For more advanced problems, you might do the Shunting Yard Algorithm (or similar) but perhaps parametrize it so you could turn on/off reductions to guard against the tricky student. You'll notice that "simple" answers can still use the parser, but you would disable all reductions.
For example, on a division question, you'd disable the "/" reduction.
This is a great question.
If you are writing an expression system and an evaluation/transformation/equivalence engine (isn't there one available somewhere? I am almost 100% sure that there is an open source one somewhere), then it's more of an education/algebra problem: is the student's answer algebraically closer to the original expression or to the expected expression.
I'm not sure how to answer that, but just an idea (not necessarily practical): perhaps your evaluation engine can count transformation steps to equivalence. If the answer takes less steps to the expected than it did to the original, it might be ok. If it's too close to the original, it's not.
You could use an expression parser, but apply restrictions on the complexity of the expressions permitted in the answer.
For example, if the goal is to reduce (4/5)*(1/2) and you want to allow either (2/5) or (4/10), then you could restrict the set of allowable answers to expressions whose trees take the form (x/y) and which also evaluate to the correct number. Perhaps you would also allow "0.4", i.e. expressions of the form (x) which evaluate to the correct number.
This is exactly what you would (implicitly) be doing if you graded the problem manually -- you would be looking for an answer that is correct but which also falls into an acceptable class.
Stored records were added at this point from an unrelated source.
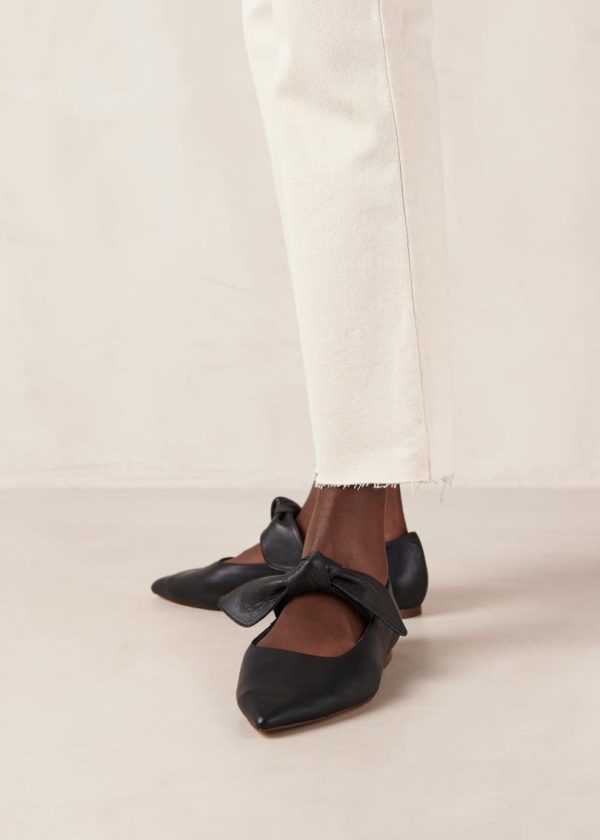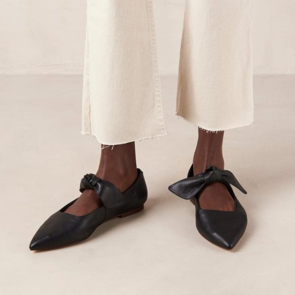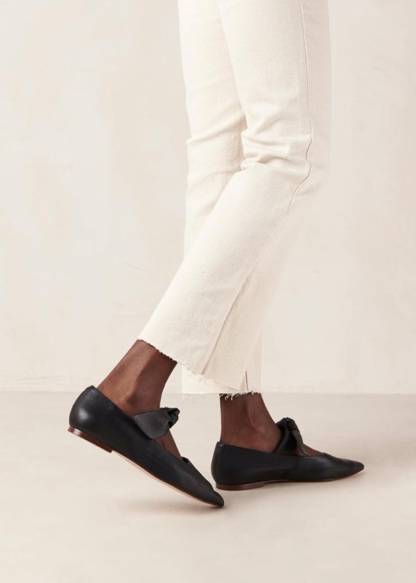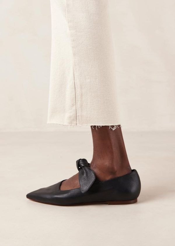 Women Ballet Flats | ALOHAS Fossil Black Leather Ballet Flats
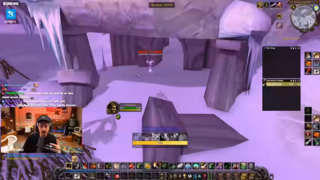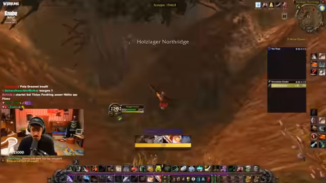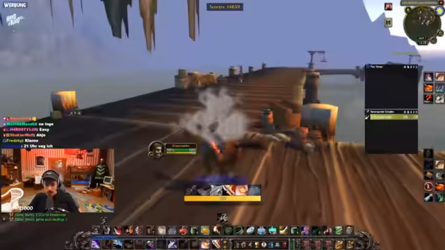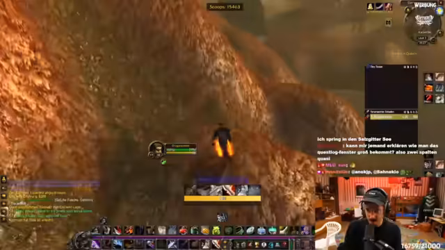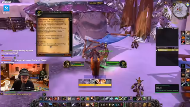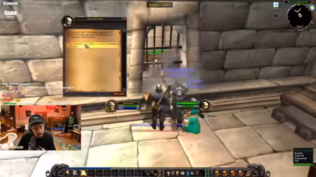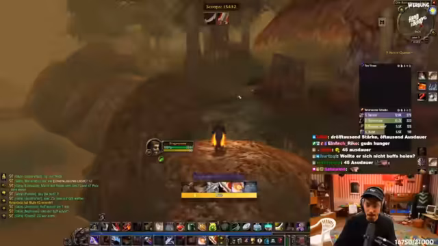 06:46:02Der Streamer erklärt seine Entscheidung, auf der Allianzseite zu spielen. Dies ist eine Fraktionswahl mit seinen Kumpels von einem Privatserver. Er sieht sich nicht als Hype-Opfer, sondern als WoW-Fan. Er berichtet über den Gilden-Invite und äußert sich bewundernd über den Charakter Old Shepard. Es folgt eine Diskussion über eine knifflige Begleitquest, die er möglicherweise erst auf 60 macht. Im Chat wird ein Gildenmitglied als "Draenei Zweihand Enhancer" identifiziert, was den Streamer bestätigt.
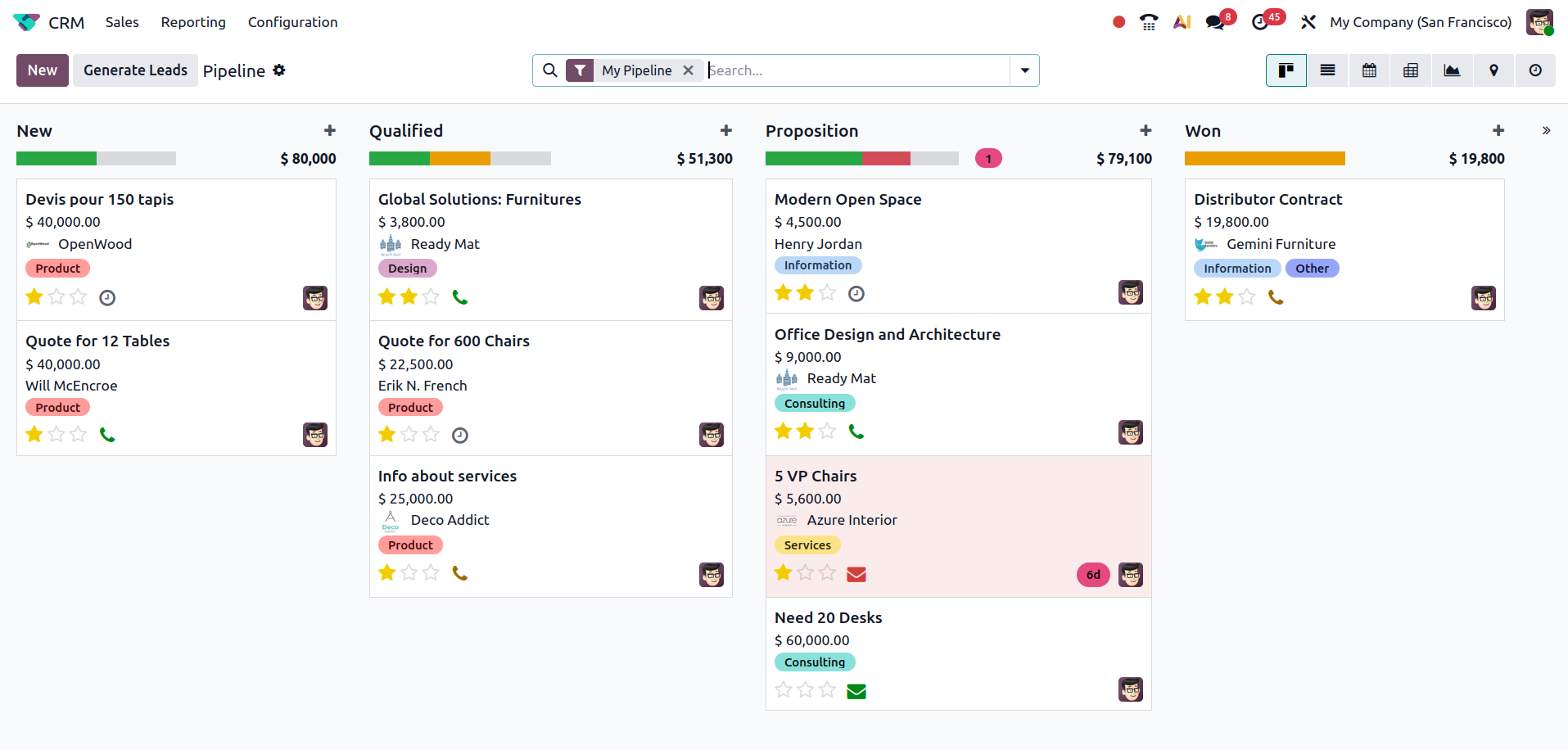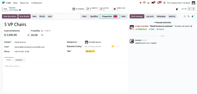 Odoo19 makes overdue activities highly visible in the CRM pipeline with a red symbol reminder. This ensures sales reps cannot overlook critical follow-ups.
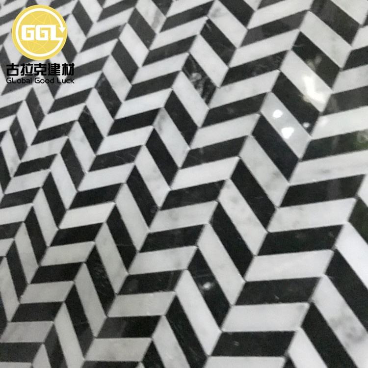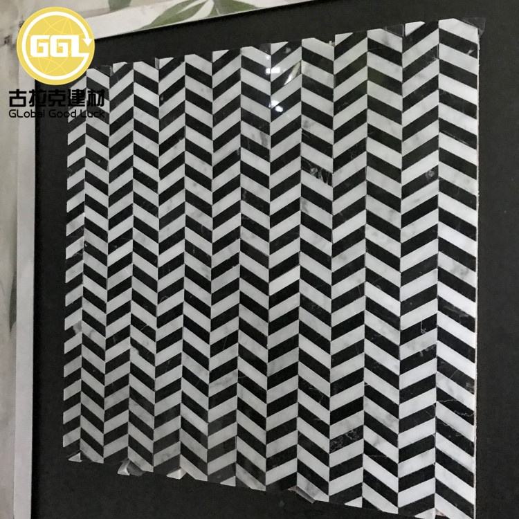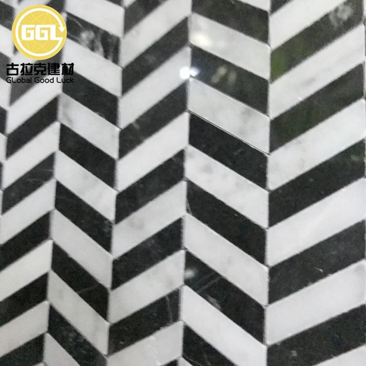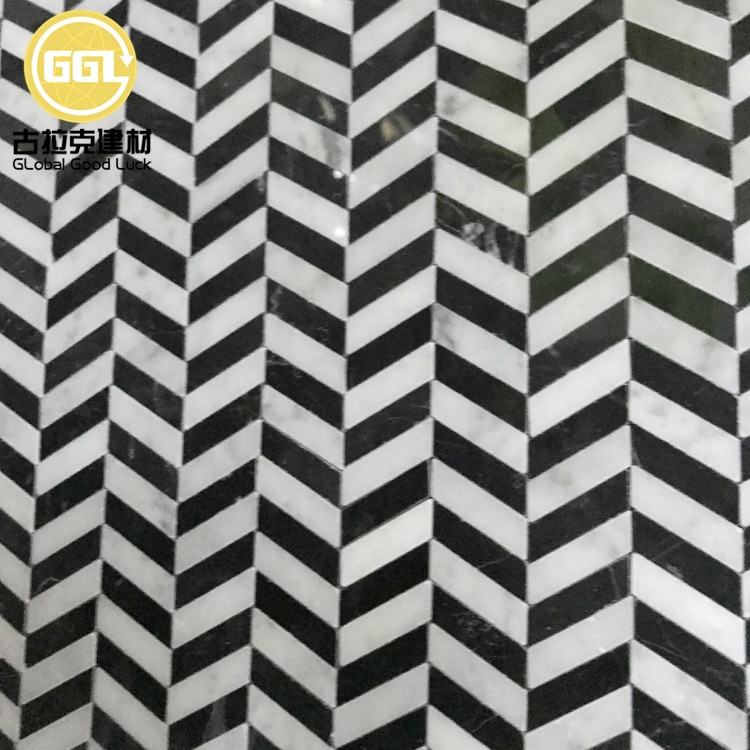 Nom du produit:Carrelage Chevron Zèbre Couleur Noir Mélange Blanc Marbre pour Sol et Rangement
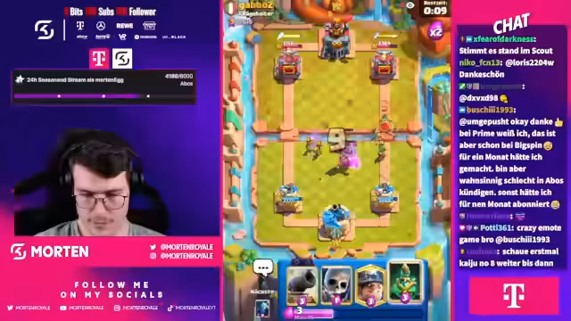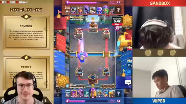 01:21:56Es wird angekündigt, dass es morgen Belohnungen über einen QR-Code geben wird. Das Spiel zwischen Viper und Sandbox beginnt. Sandbox hat einen Lüfter in seinem Raum, während Viper scheinbar keinen hat. Die Zuschauer bemerken ein seltsames Band im Hintergrund von Sandbox' Raum. Royal Giants treffen auf ein Royal Hogs Deck. Es wird analysiert, welche Karten die Spieler noch übrig haben und wie sich das auf das Matchup auswirken könnte. Der Verlierer des Spiels wird gegen Mugi spielen, was als Vorteil für Sam gesehen wird, da Mugi ein Konkurrent von ihm ist. Es wird betont, wie wichtig es für Sam ist, seine Partie zu gewinnen, um seine Chancen auf die Teilnahme am World Fight zu erhöhen. Der Grabstein erweist sich als stark gegen ihn, da es nur das Log als Konter gibt.
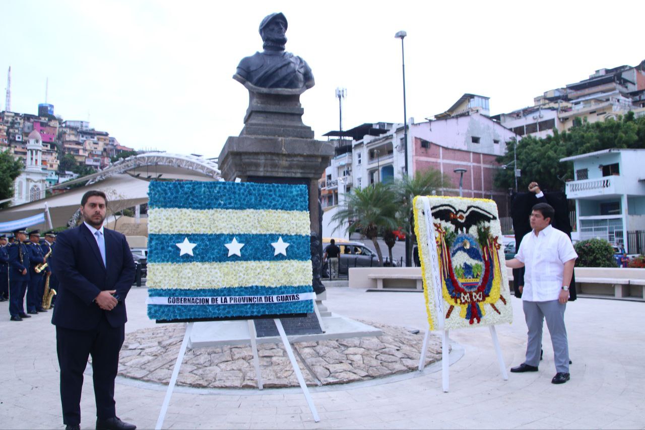 En conmemoración de los 489 años de la Fundación de Santiago de Guayaquil, se llevó a cabo una emotiva ceremonia de colocación de ofrendas florales en el busto de Francisco de Orellana, ubicado en las faldas del Cerro del Carmen. El gobernador Vicente Auad acompañado del secretario de la Administración Pública, Arturo Félix presidieron este acto cívico, cultural.

The usual way of doing this in mathematics assessment software is to allow the question setter to specify expressions/strings that are not allowed in a correct answer.
If you happen to be interested in existing software, there's the open-source Stack http://www.stack.bham.ac.uk/ (or various commercial options such as MapleTA). I suspect most of the problems that you'll come across have also been encountered by Stack so even if you don't want to use it, it might be educational to look at how it approaches things.